* **WORK TO BE COMPLETED**
Transcribe all of the entries below exactly. Leave out the pictures.

* **PROVIDED MATERIAL**
::::::::
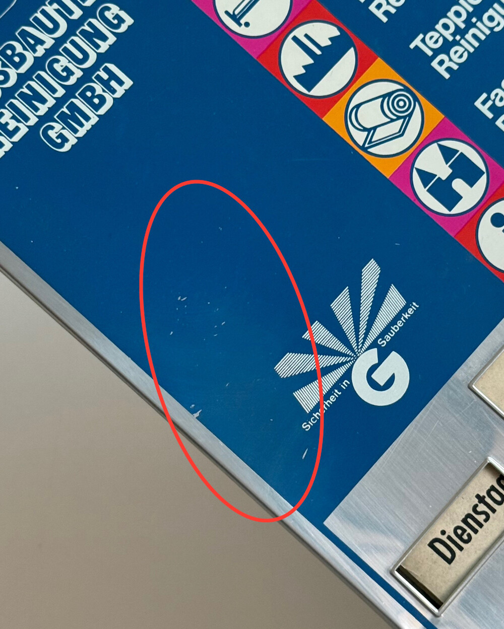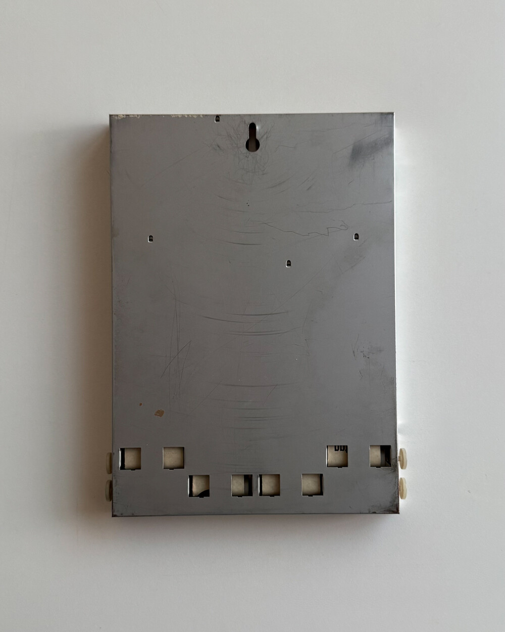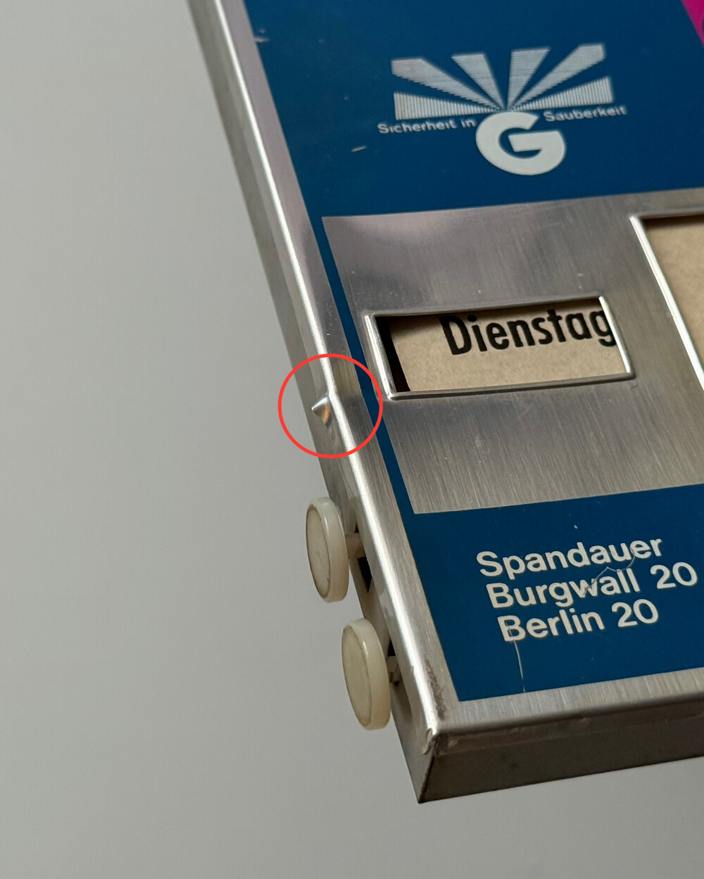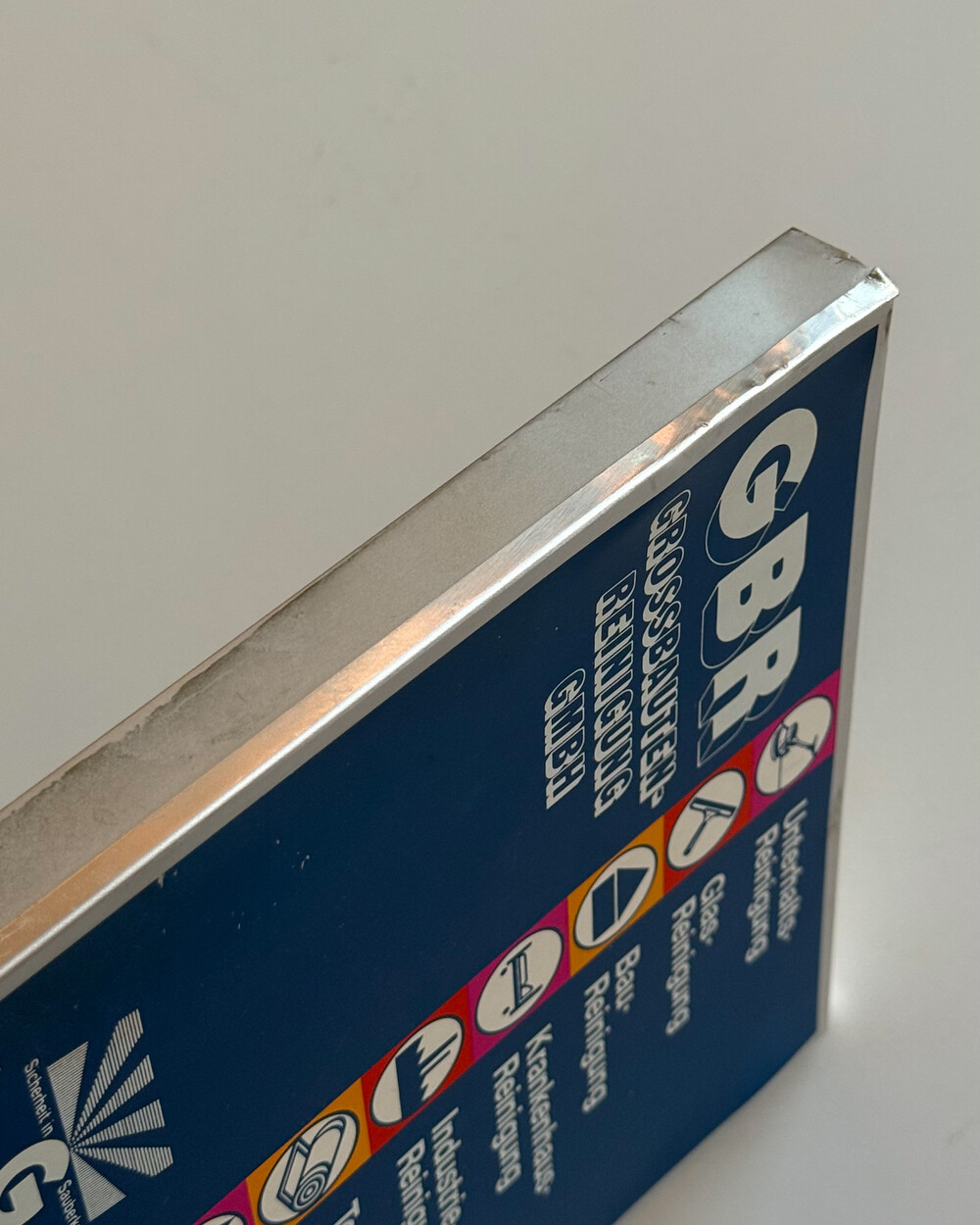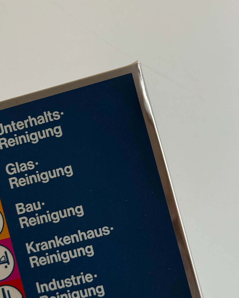 1970년대 서베를린의 대형 건물 청소 기업인 GBR(Grossbauten-Reinigung GmbH)에서 판촉물로 제작되었던 벽걸이형 퍼페추얼 캘린더입니다. 가벼운 소재의 실버 프레임 위에 당시 회사의 전문 서비스 항목을 형상화한 8개의 컬러풀한 픽토그램이 배치되어 있습니다. 유리 세정, 병원 및 산업 청소 등 당시 회사가 제공하던 전문 서비스들을 직관적인 아이콘으로 형상화하여 70년대 독일 산업 디자인 특유의 기능주의 미학을 고스란히 담고 있습니다. 양쪽 면에 위치한 노브를 돌려 요일, 날짜, 월을 조정할 수 있습니다.
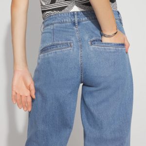 We’ve added pleating and an attached leather belt to these wide-leg jeans for a more polished + easy-to-wear look. Front slash pockets and back welt pockets add to the tailored vibe. We also heard you on our inseam and we’ve shortened our regular length, while keeping the short and long lengths you love. Dress up with heels or boots.
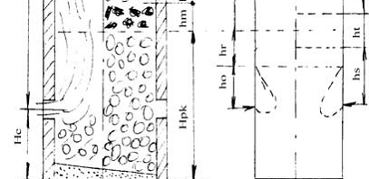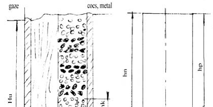 Fig.1.Zonele termodinamice din cubilou: Hc -inaltime creuzet; Hu-inaltime utila;Hpk-pat
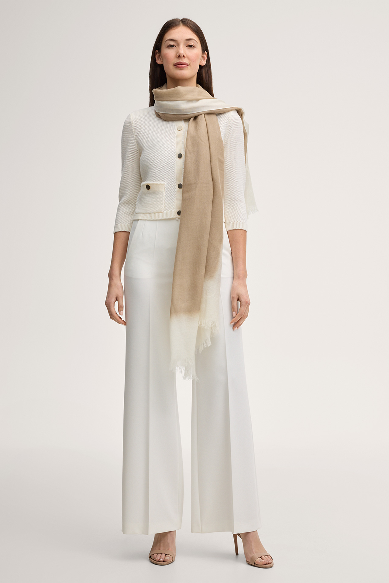 Der moderne Farbverlauf sowie feine Fransenabschlüsse zeichnen die raffinierte Eleganz des Schals aus. Das Accessoire passt zu Kleidern, leichten Jacken und Blusen-Variationen mit Jeans oder sommerlichen Bermudas. Angenehmen Tragekomfort bietet die Verarbeitung aus reiner Schurwolle.
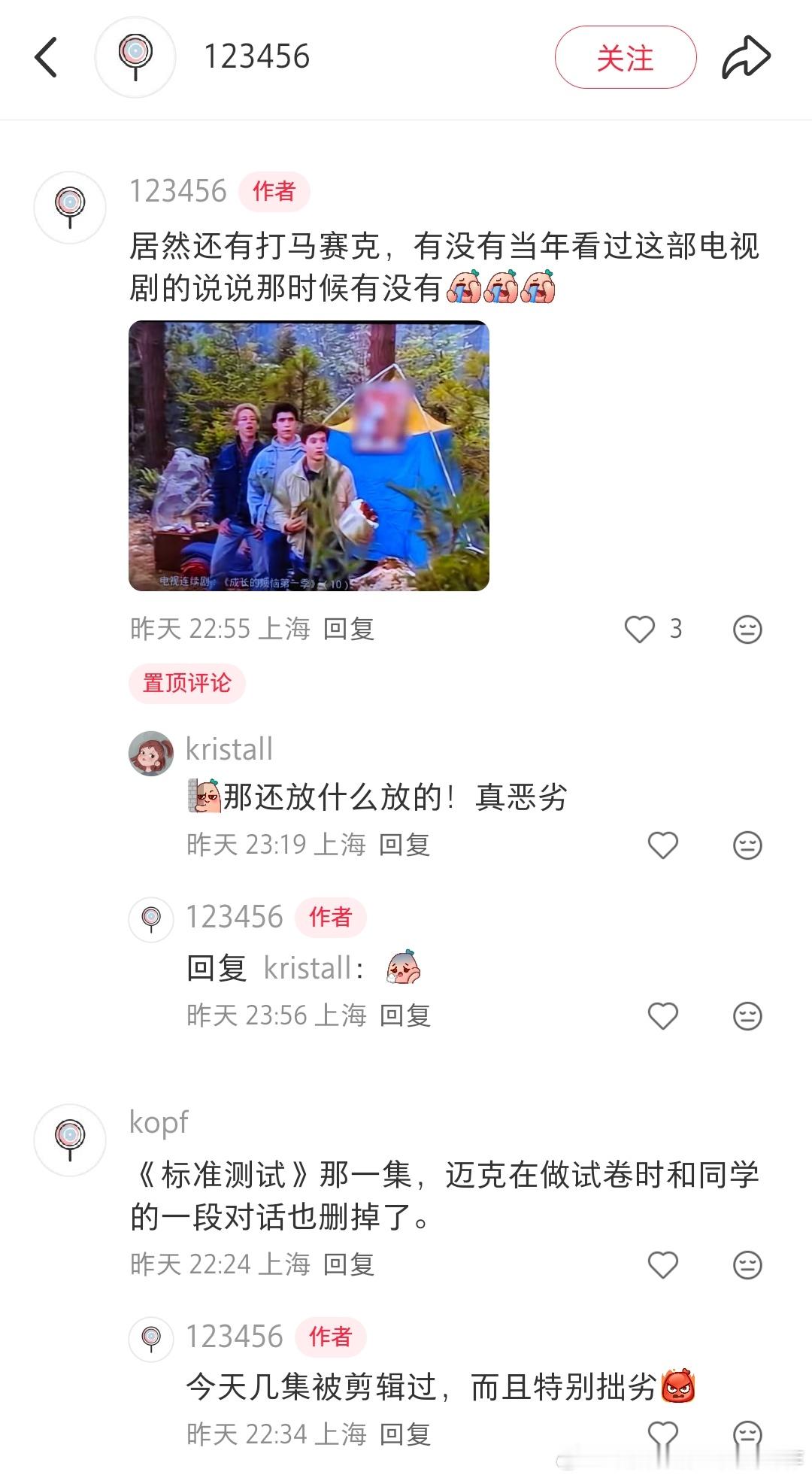 网友吐槽最近电视台重播《成长的烦恼》各种删减和打码。
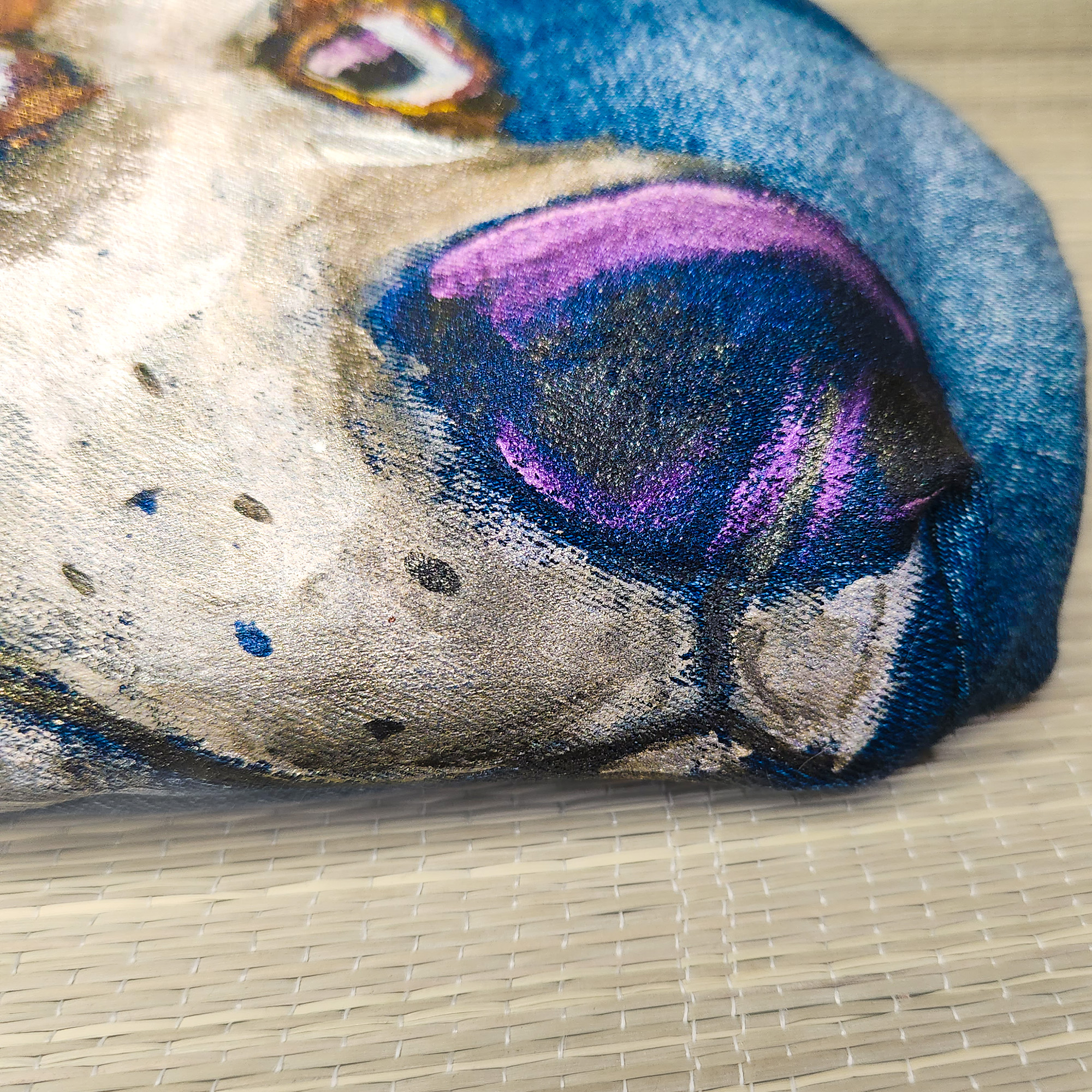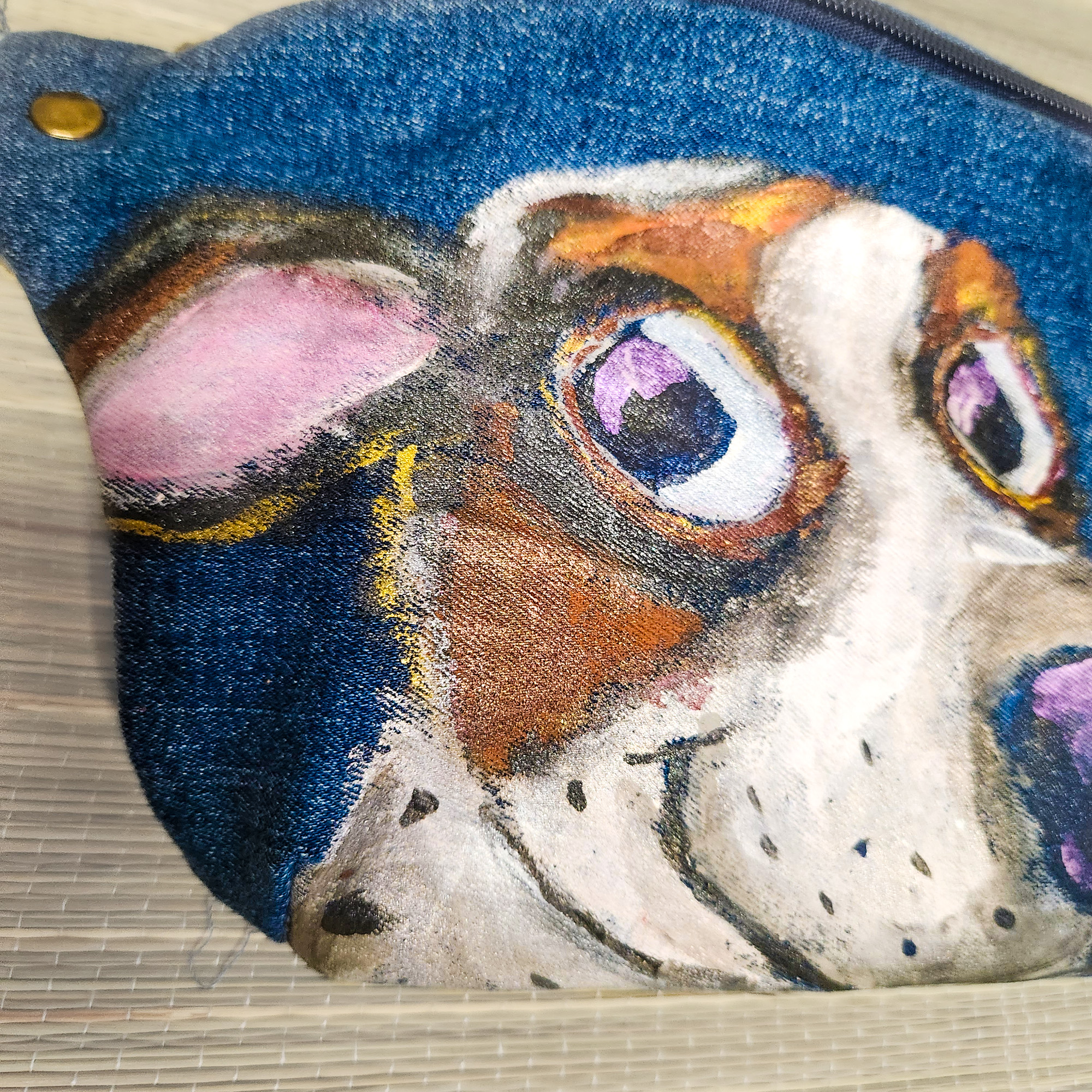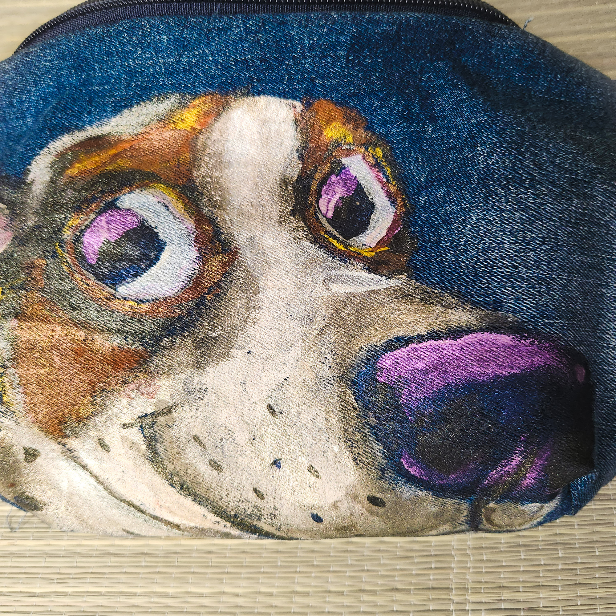 Exklusive Bauchtasche aus recyceltem Denim – vereint Stil und Umweltbewusstsein in einem Produkt. Jedes Stück ist ein Unikat: Das Motiv wird von Hand gemalt und existiert nur ein einziges Mal.
::::::::
* **ANSWER FOR THIS EXERCISE**
 1970년대 서베를린의 대형 건물 청소 기업인 GBR(Grossbauten-Reinigung GmbH)에서 판촉물로 제작되었던 벽걸이형 퍼페추얼 캘린더입니다. 가벼운 소재의 실버 프레임 위에 당시 회사의 전문 서비스 항목을 형상화한 8개의 컬러풀한 픽토그램이 배치되어 있습니다. 유리 세정, 병원 및 산업 청소 등 당시 회사가 제공하던 전문 서비스들을 직관적인 아이콘으로 형상화하여 70년대 독일 산업 디자인 특유의 기능주의 미학을 고스란히 담고 있습니다. 양쪽 면에 위치한 노브를 돌려 요일, 날짜, 월을 조정할 수 있습니다.
 We’ve added pleating and an attached leather belt to these wide-leg jeans for a more polished + easy-to-wear look. Front slash pockets and back welt pockets add to the tailored vibe. We also heard you on our inseam and we’ve shortened our regular length, while keeping the short and long lengths you love. Dress up with heels or boots.
 Fig.1.Zonele termodinamice din cubilou: Hc -inaltime creuzet; Hu-inaltime utila;Hpk-pat
 Der moderne Farbverlauf sowie feine Fransenabschlüsse zeichnen die raffinierte Eleganz des Schals aus. Das Accessoire passt zu Kleidern, leichten Jacken und Blusen-Variationen mit Jeans oder sommerlichen Bermudas. Angenehmen Tragekomfort bietet die Verarbeitung aus reiner Schurwolle.
 网友吐槽最近电视台重播《成长的烦恼》各种删减和打码。
 Exklusive Bauchtasche aus recyceltem Denim – vereint Stil und Umweltbewusstsein in einem Produkt. Jedes Stück ist ein Unikat: Das Motiv wird von Hand gemalt und existiert nur ein einziges Mal.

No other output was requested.